The most common site of intestinal obstruction is the left colon (at the splenic flexure near the pancreas). The obstruction is often due to the direct damage mediated by digestive enzymes on the colon.

Symptoms of paralytic ileus and bowel obstruction with acute pancreatitis include:

  • Absolute constipation (often for several days).
  • Diffuse abdominal colics.
  • Severe abdominal distension and bloating.
  • Persistent nausea and vomiting.
  • Sings of dehydration (thirst sensation, peeing little urine, dry mouth, etc.).

The diagnosis of bowel obstruction is often made by abdominal imaging (plain X-rays, abdominal ultrasound, contrast-enhanced CT, etc.).

Paralytic ileus is often treated by:

  • Bowel rest.
  • Parenteral nutrition.
  • Prokinetic medications to stimulate motility.
  • Correction of electrolyte disturbances (particularly serum potassium and calcium levels).
  • Nasogastric tube insertion to evacuate the stomach and intestinal secretions and prevent vomiting.

Severe cases of true bowel obstruction may need surgery to relieve the construction and treat constipation.

4. Cystic fibrosis.

Cystic fibrosis is one of the most common genetic diseases among people of Northern European descent (about one in every 2000 or 3000 live births).

The disease affects the secretions of the mucus membranes found in the digestive system, lungs, pancreas, liver, and reproductive system.

Patients with cystic fibrosis commonly have chronic constipation and are at a very high risk of acute pancreatitis.


  • Recurrent chest infections.
  • Chronic sinusitis.
  • Recurrent cough, expectoration, and shortness of breath.
  • The disease starts to manifest in children. As a result, patients with cystic fibrosis often fail to thrive and lose weight.
  • Jaundice.
  • Recurrent constipation (or diarrhea). The stool is often bulky and offensive.
  • Higher risk of pancreatitis.
  • Diabetes.
  • Osteoporosis (weak bones with easy fractures).
  • Infertility.

Diagnosis of cystic fibrosis is based on clinical features and tests such as sweat chloride, testing for gene mutations, etc.

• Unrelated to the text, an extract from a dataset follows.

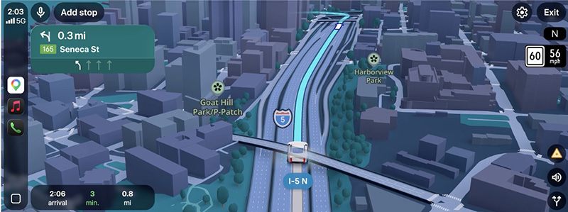 為了提升駕駛的行車體驗,Google地圖推出了沉浸式導航(Immersive Navigation),這被視為該應用程式十多年來最重大的導航更新;系統全面翻新了視覺介面,透過Gemini模型分析街景與空照圖,打造出能真實反映周遭建築物、陸橋與地形的生動 3D 畫面。

Patients with severe constipation and pancreatitis with cystic fibrosis are at higher risk of bowel obstruction.

5. Constipation in chronic pancreatitis.

Patients with chronic pancreatitis may suffer from chronic or recurrent constipation due to various causes.

The most common causes of constipation with chronic pancreatitis include:

  • Chronic opioid analgesic use.
  • Exocrine pancreatic insufficiency leads to abnormal digestion and absorption, which manifests as diarrhea or constipation.
  • Lack of proper fiber intake.
  • Dehydration.

The treatment of constipation with chronic pancreatitis includes:

  • Good hydration.
  • Avoidance of opioid analgesics as possible.
  • Increasing dietary fiber intake.
  • Fiber supplements such as psyllium
  • Traditional laxatives such as PEG (MiraLAX).